Callison-Burch, who testified before Congress on AI and copyright in 2023, sees synthetic data as complementary to, rather than replacing, real-world training data: “I don’t think that synthetic data eliminates the need for having wide amounts of diverse training data like that’s still a core element to training AI systems, but it does allow you to extend their capabilities in really remarkable ways.”
The approach demonstrates how existing knowledge can be transferred to new applications without directly using copyrighted materials. “The underlying thing that we’re relying on here is a large language model. Can write code that’s something that it learned from its original data. We’re now applying that to a totally different application, which is creation of new training data that is unlike any of the data that it was trained on.”
The current limits of synthetic data and what comes next
Despite its promise, synthetic data generation faces important limitations. “One limitation is it may inherit the biases from the model that generates such synthetic data,” Yang acknowledged. The system can also struggle with diversity: “If you prompt a large network to generate some data among different runs, it may generate similar data.”
The current research focuses on text-rich images rather than natural photographs, limiting its immediate applicability to some domains. “What about some real photos like some other like natural images?
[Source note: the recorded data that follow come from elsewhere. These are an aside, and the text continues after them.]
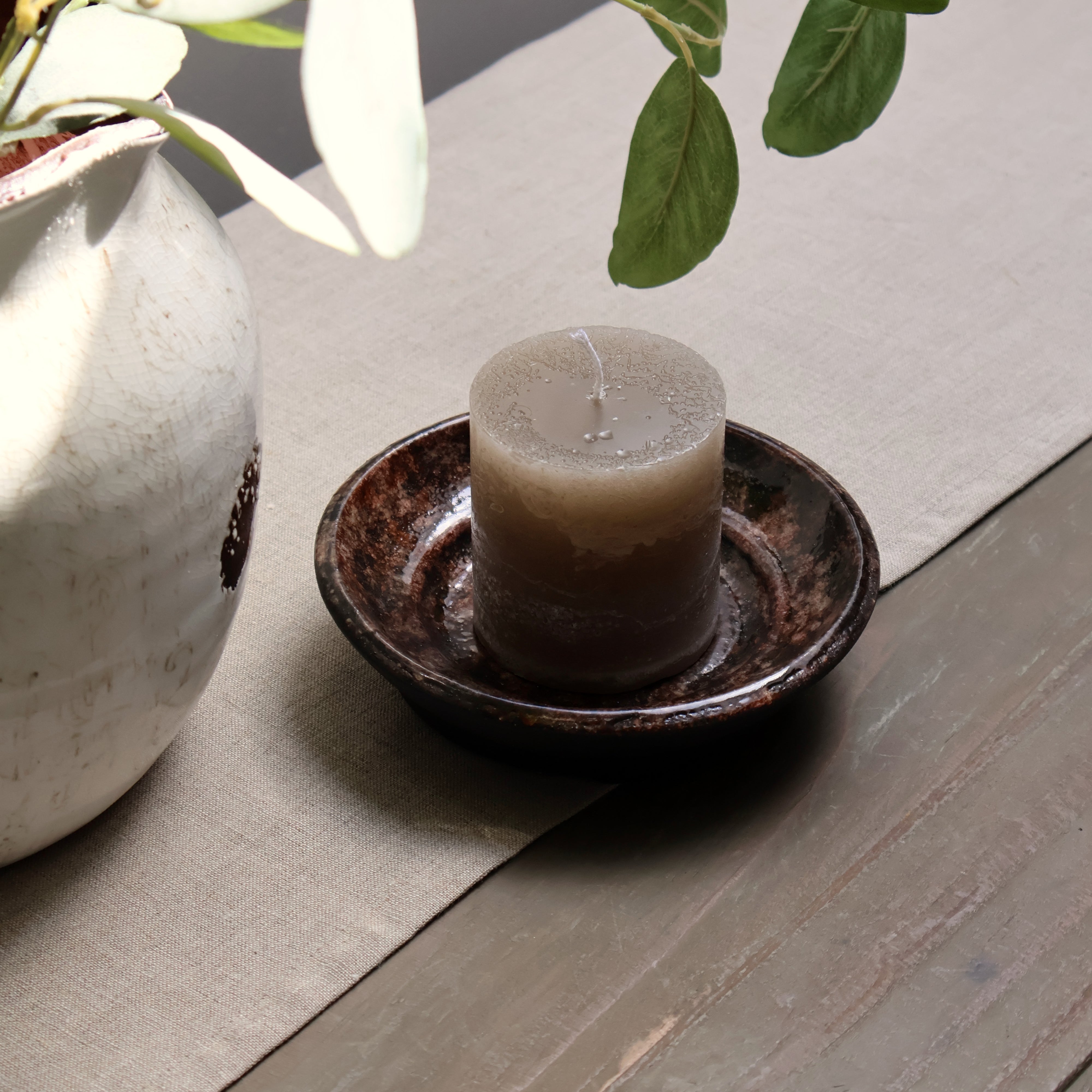 This candle plate is perfect for showcasing pillar candles, it can also be used as a styling piece on shelves/consoles or as a bowl to hold items such as keys or jewellery. It exudes craftsmanship and intense colours.
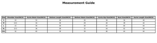 XXS (Bust Size: 32 in, Shoulder Size: 13 in, Kurta Waist Size: 32 in, Kurta Hip Size: 34 in, Kurta Length Size: 42 in, Bottom Waist Size: 24 in, Bottom Length Size: 38 in)
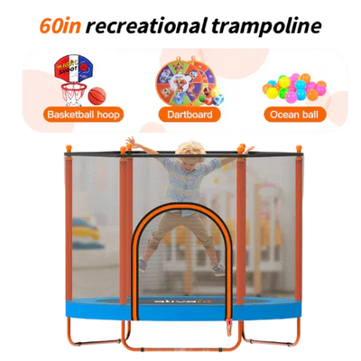 The Ativafit 60" trampoline features a 39-inch high-enclosure safety net, 36 high-quality springs, premium alloy steel construction, integrated spring and pad design, and includes multiple accessories (dartboard, basketball hoop, ocean balls) for enhanced play value.
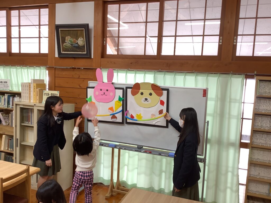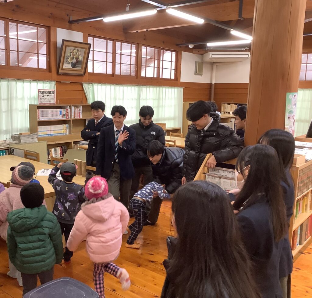 本校図書館にて弓削保育所から来校された幼児さんのみなさんと高校生の交流会を行いました。

It is hard to generate synthetic data for those two males, or even like medical images, chest X rays,” Yang noted, though she indicated ongoing efforts to extend the approach to medical imaging.
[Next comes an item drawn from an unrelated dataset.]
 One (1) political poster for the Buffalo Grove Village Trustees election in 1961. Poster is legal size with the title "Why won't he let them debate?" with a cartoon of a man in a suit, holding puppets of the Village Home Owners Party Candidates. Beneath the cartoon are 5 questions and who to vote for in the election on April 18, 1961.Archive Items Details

Looking ahead, Yang expects synthetic data generation to become standard practice: “In the future, in two or three years, and even for nothing, editor has been a very important component to teach model different capabilities.” However, she emphasized that optimal results will likely require combining synthetic and real-world data: “Real world data will reflect some real world distributions. Single data can be large scale. Can be more controllable.”
Early adoption signals suggest the technology is already influencing industry practices. “I heard like companies, like meta, some teams also, like all Amazon, they are trying to using our data to train their model,” Yang revealed during the interview.
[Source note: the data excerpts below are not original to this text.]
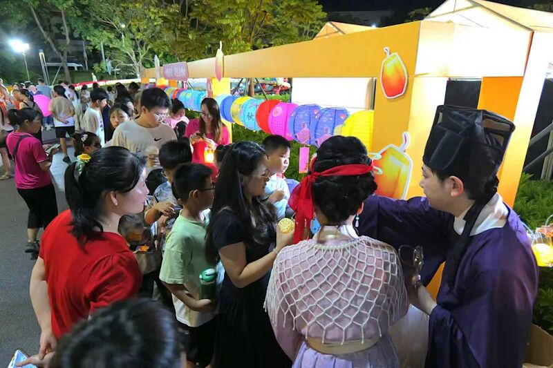 与此同时,中秋特别环节——“猜灯谜 领月亮”同样吸引了众多市民的目光。活动现场,身着汉服的NPC小姐姐与市民亲密互动猜灯谜。答对者即可领取一盏象征团圆的月亮灯,灯火映照下,人潮如织,欢笑如潮。
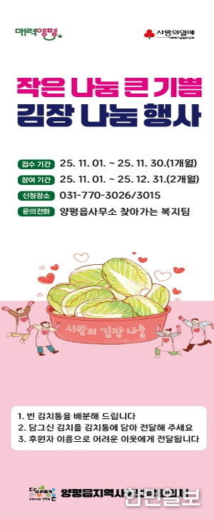 한편, 김장 나눔 참여를 희망하는 주민은 11월 1일부터 30일까지 양평읍 찾아가는 복지팀(☎ 031-770-3026, 3015)에 기부 신청할 수 있으며, 신청자에게는 김치통이 제공된다. 기부된 김치는 복지 대상자 중 꼭 필요한 가구를 선정해 전달될 예정이다.
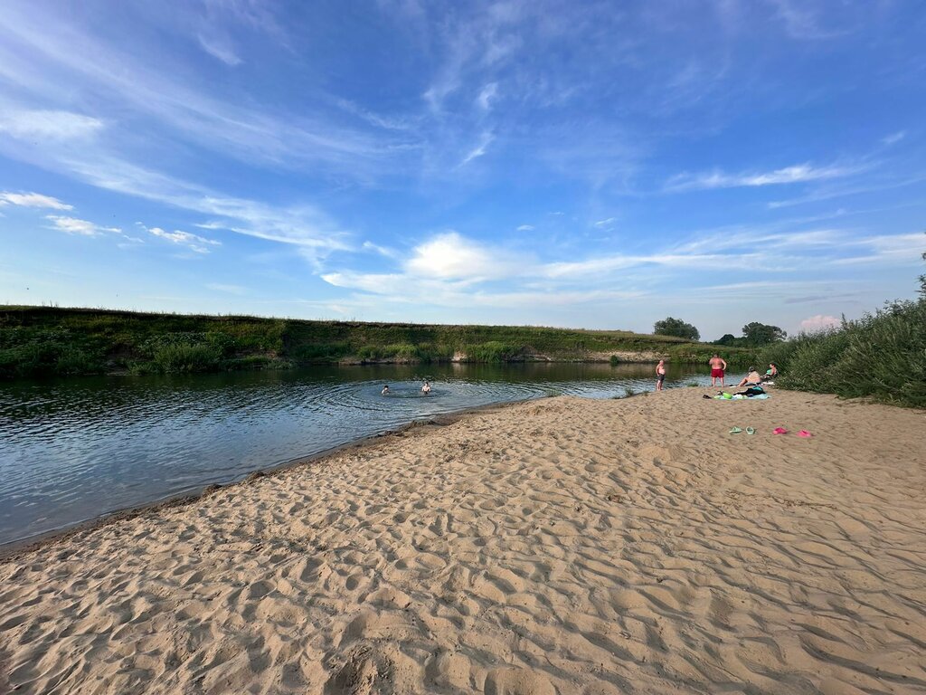 Песчаный берег и дно реки. Мусора нет. Людей выпивающих мало, практически нет. Много родителей с детьми. Удобный подъезд на автомобиле.

For startups and smaller companies, the cost advantages could be particularly significant. “For some startups, it is cheaper to host, their host open model on their server, rather than just calling the APIs, which is less controllable,” Yang noted.
The research team’s decision to make everything open source reflects a broader philosophy about AI development. As Yang prepares to join the Allen Institute full-time after completing her Ph.D., the commitment to open science remains central to their mission. “Currently, those vision language models are quite brittle. It just needs the right data to get the right capabilities,” she said. “If you find the right data, you can improve models capability on it, and it will benefit the society.”
The vision for AI that acts, not just describes
As the research moves from academic laboratories to real-world applications, the implications extend far beyond improved benchmark scores. Yang and her colleagues are already looking toward applications that could transform how people with disabilities interact with technology, from AI that understands sign language for the hearing impaired to systems that can describe complex medical images for those with visual impairments.
“I have an idea to let the model to know how to understand the sign language or those people with hearing difficulties,” Yang said, describing potential future applications. “If you find the right data, you can improve models capability on it, and it will benefit the society.”
Callison-Burch sees even broader possibilities, particularly in robotics and scientific discovery: “Synthetic data opens up many possible applications that we don’t have naturally occurring data for. So one that Yang has also worked on at the Allen Institute is that. Ocean of creating simulated training data for robots.”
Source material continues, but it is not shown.